At any rate, casters seem pleased by the increased choice of magic, yet at the table do not feel pressured to actually pursue healing magic: a lot of our parties do not have healers, and get by with herbalism, potions and surgery. Some players tho really double down and play herbalist healers surgeons with port-a-stills. As for myself, I normally play exorcist healer girls trying to capture demons in brass lanterns, who occasionally might throw a fireball or lightning bolt. Those who want to play a jock caster have fun with Mageblades.

Regardless: how much should spells heal in a spell-without-levels paradigm?

Should spell damage be more or less than spell healing, per slot? Combat economy suggests damage should be higher to avoid healing dragging out combats, but healing also allows a longer exploration phase (as opposed to a downtime phase), and that is welcome. So for the purpose of this post I’ll strike a balance and call a healing spell baseline as 2d6, exactly as a maleficence. As maleficence can be cast on an area, healing could be the same: maleficence can blast an entire melee, friends and foes alike, and because of that i have it rately seen used in melee. Right before melee, tho, when the enemy group is at a good distance, I see it used all the time.

So healing 2d6 on a melee would also be interesting: while it would see a lot of use after combat, you could also cast it during combat, albeit healing some of your foes too. Maybe that would be the beginning act of parlay?

Maybe there is another way tho: make healing a class power, like maleficence and magic shield (also from Wonder & Wickedness). This would make all sorcerers heal 2d6 as much as they can blast 2d6 or raise a magic shield. This is probably not a bad use of mana, and allows more casters to share the burden of healing, while leaving healing spells still very useful as they also treat other illnesses.

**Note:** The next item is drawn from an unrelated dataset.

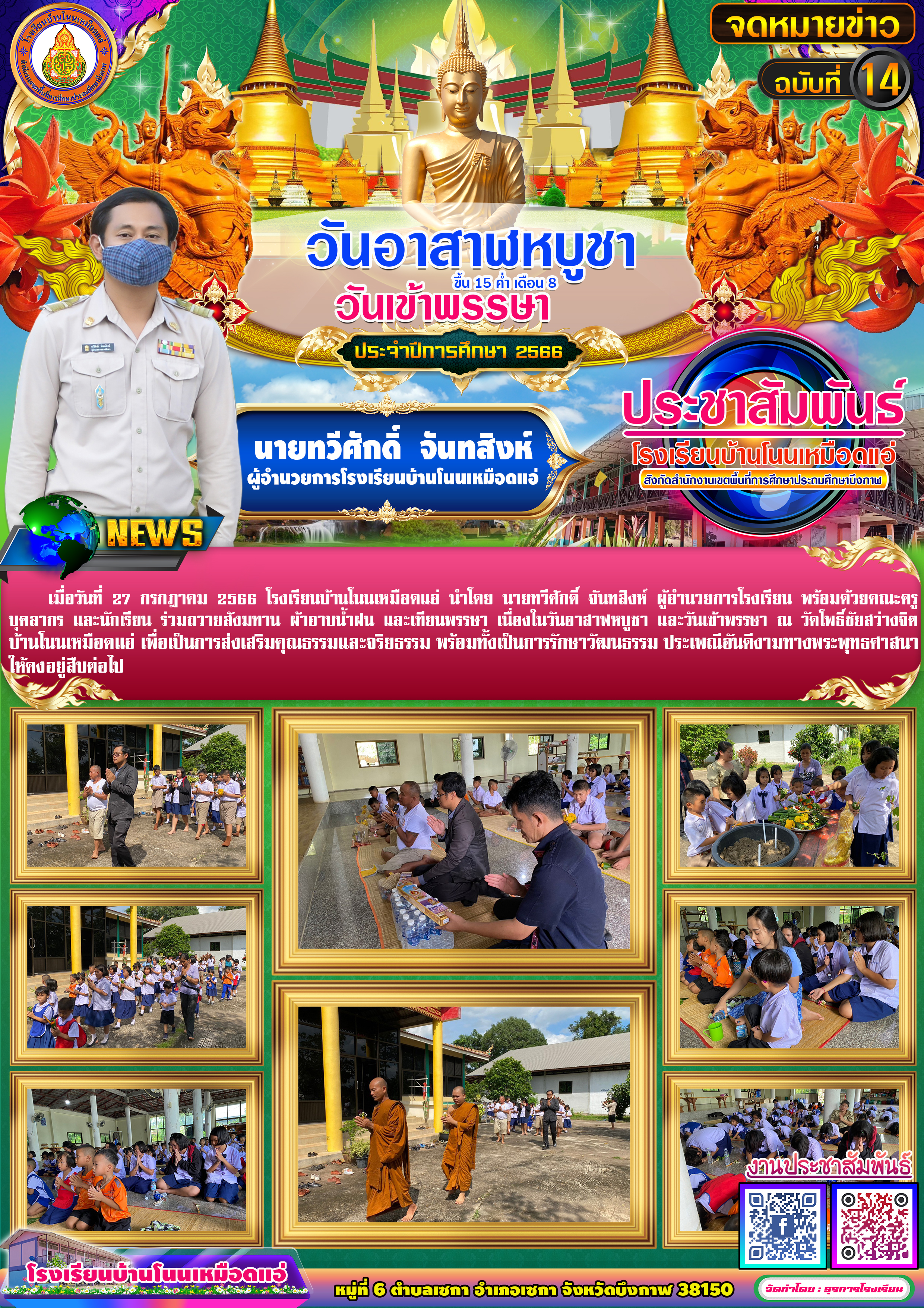 โรงเรียนบ้านโนนเหมือดแอ่ ขอประชาสัมพันธ์จดหมายข่าว ฉบับที่ 14 ปีการศึกษา 2566 กิจกรรมวันอาสาฬหบูชาและวันเข้าพรรษา ประจำปี 2566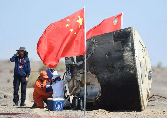 当3名航天员远离地球、巡游寰宇时,留在家乡的父老乡亲们,仍在一如既往、年复一年地耕耘劳作。荣誉,属于国家和民族。

The bad side of giving healing to all sorcerers is that by giving more powers to all sorcerers all sorcerers become more similar. As each sorcerer now shares the power (and responsibility) of healing, sorcerers become less diverse. I’m not super keen on this.

There is an easy way out tho. We could make powers tied to magic disciplines, requiring familiarity with its spells in order to master it (2 or 3 spells would be adequate, while in Mageblade it would be tied to a perk). Studying Cure could eventually unlock the power of Healing. Maleficence blast (the melee-wide attack) could be unlocked by studying elementalism, maleficence ray (single target) for necromancy, magic shield for apotropaism, wizard eyes for spiritualism, turn/control undead for necromancy, tame beasts for vivimancy, esp for psychomancy, and never be freaked out by spiders for arachnomorphosys. I’m not sure about the other disciplines but something could be worked out.